All kinds of workers are trying their hands at contracting.
“Historically, it was women who wanted to keep their toe in the water,” Packman said of the typical addONE contractor, noting the company’s workforce is 80 percent female. Its roster has also included “people who have climbed to the top of the corporate ladder, gotten off and wanted to work on projects” and “people who enjoyed the variety.”
A lot of addONE’s contractors started with the company intending contracting as a stopgap between full-time employment and stayed on, she said.
But the current economy has led employers to be more careful in their hiring practices, even of contract workers.
“Because dollars are so tight, it’s almost like a full-time hire,” Packman said. “They want [contractors] to be of the same quality as a full-time hire.”
Oftentimes, a client will request a contractor that has worked for the company in some capacity before, she said. One company told her, “We really want someone who has our experience on their résumé.”
Companies need to be cautious in rehiring a former employee to perform their same duties as a contractor, however.
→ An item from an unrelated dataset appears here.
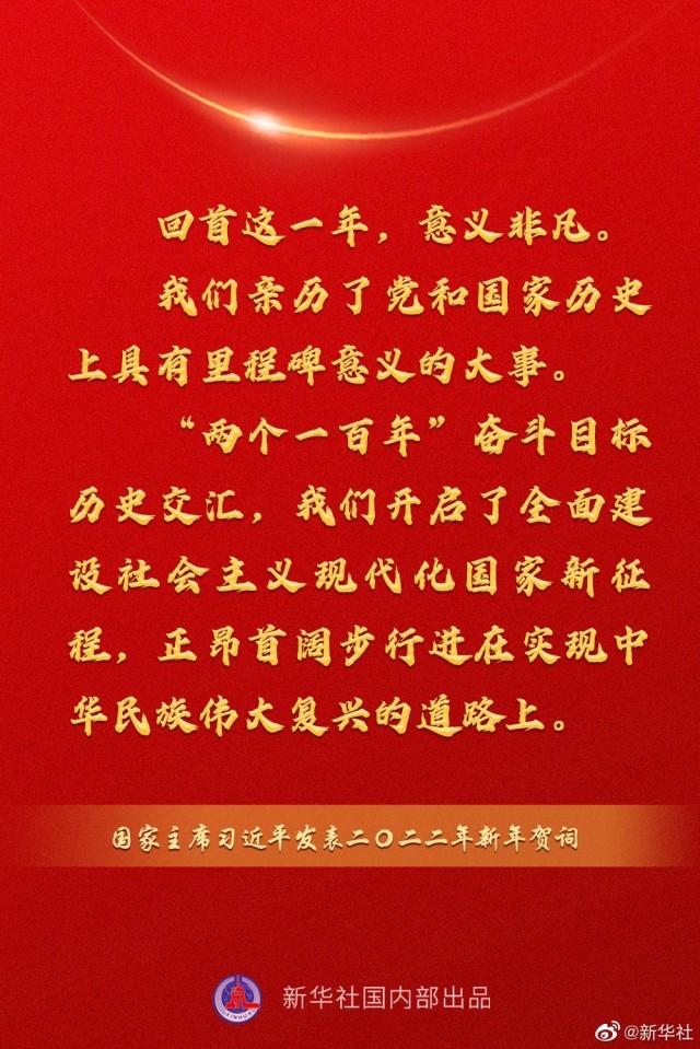 习近平:回首这一年,意义非凡。我们亲历了党和国家历史上具有里程碑意义的大事。“两个一百年”奋斗目标历史交汇,我们开启了全面建设社会主义现代化国家新征程,正昂首阔步行进在实现中华民族伟大复兴的道路上。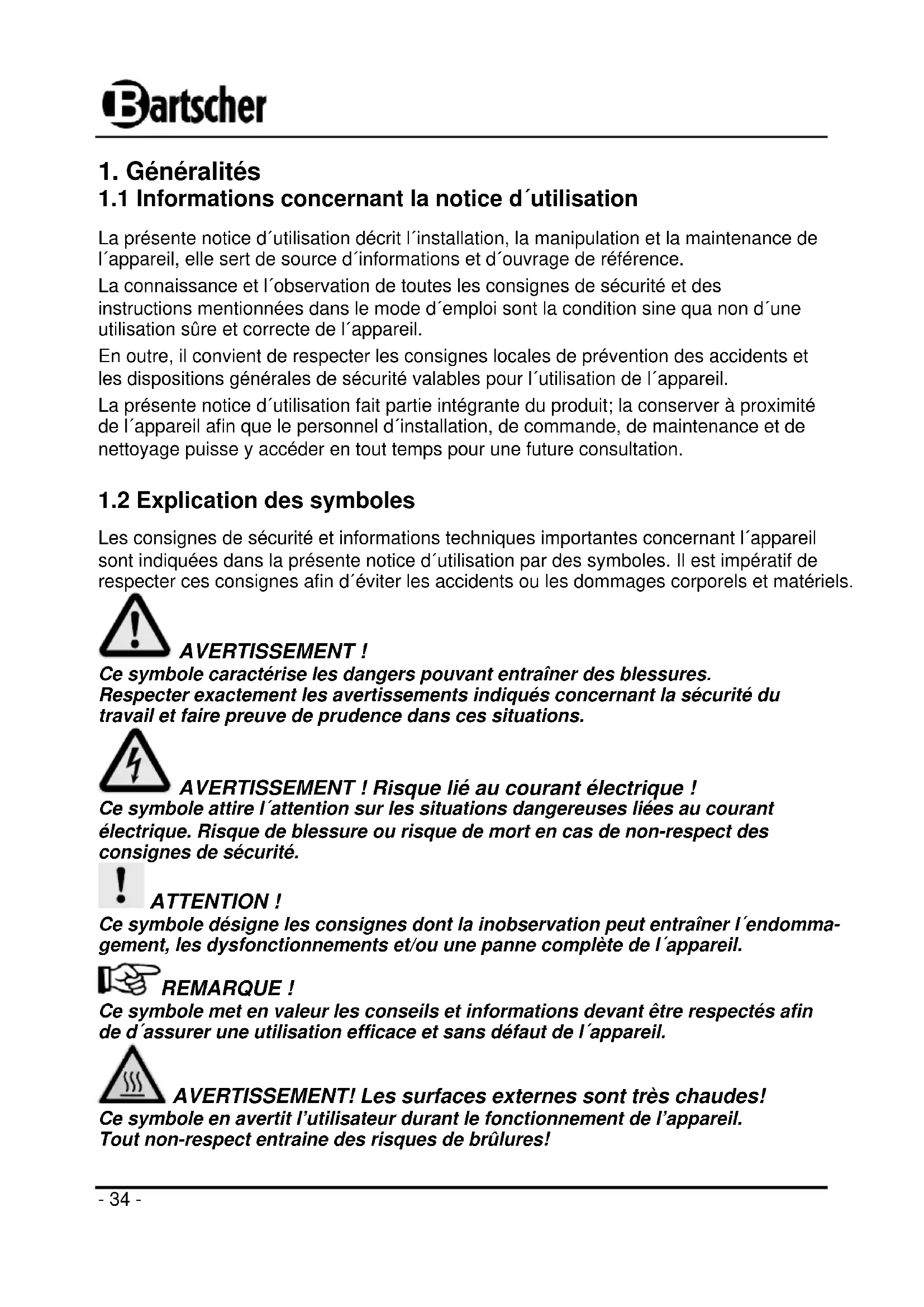 Les consignes de sécurité et informations techniques importantes concernant l´appareil sont indiquées dans la présente notice d´utilisation par des symboles. Il est impératif de respecter ces consignes afin d´éviter les accidents ou les dommages corporels et matériels. AVERTISSEMENT ! Ce symbole caractérise les dangers pouvant entraîner des blessures. Respecter exactement les avertissements indiqués concernant la sécurité du travail et faire preuve de prudence dans ces situations. AVERTISSEMENT ! Risque lié au courant électrique ! Ce symbole attire l´attention sur les situations dangereuses liées au courant électrique. Risque de blessure ou risque de mort en cas de non-respect des consignes de sécurité. ATTENTION ! Ce symbole désigne les consignes dont la inobservation peut entraîner l´endomma- gement, les dysfonctionnements et/ou une panne complète de l´appareil. REMARQUE ! Ce symbole met en valeur les conseils et informations devant être respectés afin de d´assurer une utilisation efficace et sans défaut de l´appareil. AVERTISSEMENT! Les surfaces externes sont très chaudes! Ce symbole en avertit l’utilisateur durant le fonctionnement de l’appareil. Tout non-respect entraine des risques de brûlures!- 35 - ATTENTION ! Champs magnétiques ! Ne pas ouvrir le cache arrière de l’appareil.

According to attorney Brett Bartlett, chair of the labor and employment department for Seyfarth Shaw LLP in Atlanta, the hiring of contract workers is under increasing scrutiny from the state and federal government. “You can’t really flip someone’s status,” he said. “You can’t get around the laws to save money. The laws are there to protect employees.”
Examples of practices that can put a company at high risk are “someone wearing a company uniform, using the company’s equipment and taking directions from a company employee,” he said.
Companies should look for ways they can “disconnect the relationship” between the business and its contractors, he said.
“If you are not putting up the right guards, you run the risk of people being construed as employees,” he said.
The U.S. Department of Labor, as well as New York state, are implementing regulations and laws that will require an employer to notify workers of their employment classification, in an effort to stave off cases of contract workers seeking unemployment benefits.
It is also important for a company to maintain due diligence in hiring a staffing agency. Bartlett said a company can be looked on as a joint employer with a staffing agency and should consider an indemnification clause against any unpaid-wage claims in its contract.
Contract workers are doing more than assisting full-time employees, said addONE’s Packman. “They are carrying the ball, leading the project,” she said. These days, “companies need someone who can hit the ground running,” a quality addONE’s contractors provide. Marketing is a skill that is “transferable across industries,” she said.
The use of contractors for social media is an increasing trend, and in the fall the company plans to add a new division, addONE Digital, to address those needs.
Packman said she is hopeful an upswing in marketing bodes well for the economy as whole. “We are starting to see the budgets come back,” she said. “Companies are saying, ‘We’ve got to promote what we do,’ “ she said. “You don’t want to spend money the wrong way.”
Best practices for utilizing contractors:
1. Take time to look closely at whether “contractors” should actually be treated as employees in the eyes of the law.
2. Develop a checklist to ensure that, for any worker you treat or plan to treat as a contractor, you maintain a distinction between an employment relationship and an independent contractor.
3. Disconnect the relationship. Avoid contractors wearing company uniforms, using company equipment, or performing the same duties as company employees.